Tuesday 15 February 2011

COMMENT: EGYPT HAS MORE TO FEAR FROM THE ROMANIAN REVOLUTION THAN THE IRANIAN ONE

The hawkish right have been predictably fear-mongering about the influence of Egypt's Muslim Brotherhood, feverishly underlining links (correct and incorrect) between them and Palestine's Hamas and letting panicked armchair commentators picture a descent into feudal-barbarism, sectarian anarchy and damnation-spewing demagoguery. The usual barometers of knee-jerk idiocy have been pushing the idea that the greatest threat to Egypt now will come from its religious extremists, that their unseating of the 'stable', Western-backed, dictator-we-can-do-lunch-with Hosni Mubarak will lead to an Iranian-style scenario where the revolution will be co-opted by an aggressive minority looking to push their own aggressive ideology onto the country.

That's a reasonable concern, obviously. Though the Muslim Brotherhood are far from being able to pull the largest share of votes when an election comes, if it comes – both Mussolini's blackshirt fascists and Lenin's Bolsheviks were niche forces within an regime's opposition, they just shouted the loudest and were prepared to bully, threaten, murder, raconteur and coerce their way to the top when the revolution came. The Muslim Brotherhood's history of indiscriminate violence makes this seem perfectly reasonable, but now the cameras have turned from Tahrir Square to whatever the next flashpoint is in this glossy rolling news soap opera, the greatest threat to emerging democracy in Egypt looks far less exciting. It looks like more of the same.

Romania is still waiting for the last of the old guard to be rotated out of the system and for the old problems and inequalities within Romania's mildewy, Soviet-style apparatus to finally be addressed, yet, like Egypt, history will record the toppling of a dictator as the end of the old era and the beginning of a bright new one. As soon as Mubarak stood down on February 11, the media behaved as though this was fait accompli for democracy, reporting news of a governing military council holding the fort until the September election with a straight face. Now the army, echoing the running street battles of its Romanian counterpart, is happily closing down protests in concert with the same police officer's who three days before were looting museums and stripping out of their fatigues to pose as pro-Mubarak counter-protestors.

The army, custodians of both Mubarak's regime and Ceausescu's regime in Romania, are traditional friends of autocracy. Autocracy keeps them well funded, allows them to bloat their ranks and wages, keeps them away from the civilian oversight that curtails their benefits, and a natural synthesis between their styles of people management provides a nice little retirement option in politics for generals who've run out of meaningless medals to accumulate. Like Romania, the Egyptian army presented itself as a politically neutral force of patriots representing the will of the people, and like Romania, the Egyptian army were at the centre of the old regime and saw it in their best interests to get shot of an unpopular dictator and his oppressive police state as quickly as possible in order to preserve the status quo.
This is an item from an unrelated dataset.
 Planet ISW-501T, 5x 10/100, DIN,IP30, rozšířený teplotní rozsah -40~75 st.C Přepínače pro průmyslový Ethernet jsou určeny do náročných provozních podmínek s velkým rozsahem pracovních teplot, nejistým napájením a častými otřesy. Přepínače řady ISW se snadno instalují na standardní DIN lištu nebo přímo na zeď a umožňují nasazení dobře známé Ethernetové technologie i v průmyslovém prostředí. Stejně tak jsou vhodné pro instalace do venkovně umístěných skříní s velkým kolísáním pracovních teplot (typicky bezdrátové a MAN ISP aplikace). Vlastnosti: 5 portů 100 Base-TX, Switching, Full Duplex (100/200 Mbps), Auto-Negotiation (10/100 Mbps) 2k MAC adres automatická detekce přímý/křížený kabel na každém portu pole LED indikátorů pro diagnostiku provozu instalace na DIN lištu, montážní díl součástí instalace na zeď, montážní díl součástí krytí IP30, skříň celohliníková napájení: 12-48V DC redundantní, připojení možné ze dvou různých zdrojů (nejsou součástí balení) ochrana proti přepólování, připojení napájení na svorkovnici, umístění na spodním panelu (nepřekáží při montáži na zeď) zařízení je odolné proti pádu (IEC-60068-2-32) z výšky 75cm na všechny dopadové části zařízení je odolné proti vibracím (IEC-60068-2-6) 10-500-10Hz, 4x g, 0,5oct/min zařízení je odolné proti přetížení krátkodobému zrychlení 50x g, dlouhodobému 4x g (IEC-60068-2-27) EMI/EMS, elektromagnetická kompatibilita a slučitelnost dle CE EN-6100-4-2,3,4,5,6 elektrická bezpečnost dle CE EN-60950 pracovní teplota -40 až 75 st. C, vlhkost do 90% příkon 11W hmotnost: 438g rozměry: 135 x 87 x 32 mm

To quote Don Tancredi in 'The Leopard', di Lampedusa's study of the crumbling aristocracy in revolutionary Sicily, “Things have to change so they can stay the same.”
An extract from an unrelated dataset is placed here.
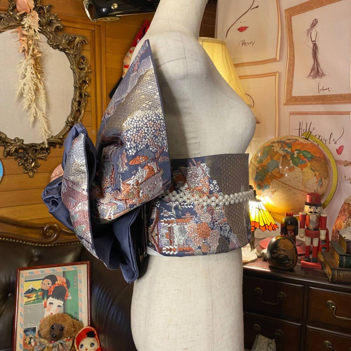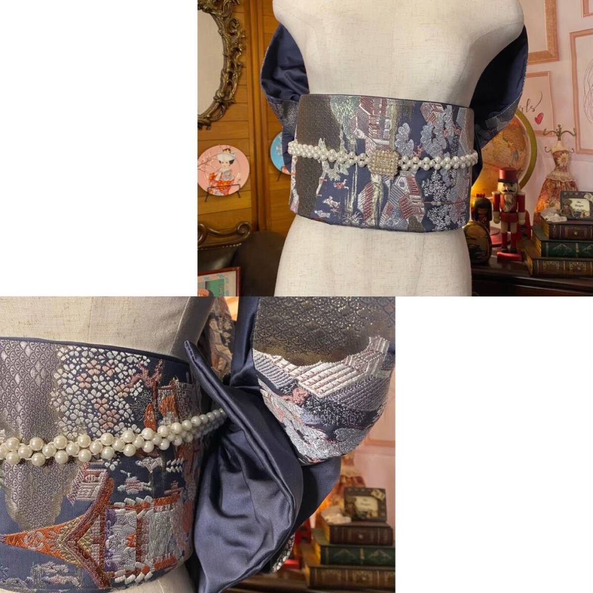 【 和洋折衷 2部式作り帯 リメイク 和 モダン ハンドメイド レトロ 2B-1 】

Prior to entering politics, Hosni Mubarak was a career officer in the Egyptian air force and his temporary replacement as executive head, is Mohamed Hussein Tantawi, an officer since 1956 and Minister of Defence since 1991 – long thought a possible contender to replace Mubarak, it'll be no surprise if he chooses to run for election in September, assuming an election is even held. Ceausescu (who was Deputy Minister of the Armed Forces under his predecessor, Gheorghe Gheorghiu-Dej) was offered up as a sacrificial lamb by the military and by conservative forces within the Communist Party, who since 1990 have accounted for all three presidents, a good number of prime ministers and, along with former agents of the hated, all pervasive Securitate secret police, much of the cabinet and civil service, and have been understandably hesitant about reform that would change the mechanisms of their power structure and personal wealth. Though change has come to Romania, it took at least a decade and it came largely in spite of the politicians who made it possible, and it's ongoing.


There are plenty of superficial similarities between Hosni Mubarak and Nicolae Ceausescu, their personal corruption and their stodgy, dated rhetoric, but the real parallel is in how a popular uprising was subtly stage-managed by the army and how forces at the heart of the old regime are now active within the new one, and how the world confused a single newsworthy act, the toppling of a dictator, as being the tidy and obliging conclusion to a whizz-bang television feast. In the 2004 election, current Romanian president Traian Băsescu, himself once part of Ceausescu's government at a senior level, commented in a moment of self-awareness, "You know what Romania's greatest curse is right now? It's that Romanians have to choose between two former Communist Party members."

That, above all the alarmist threats of jihadis, ayatollahs and anarchy, is the worst thing that could happen to Egypt – another two decades of autocratic stagnation disguised as a transition to democracy.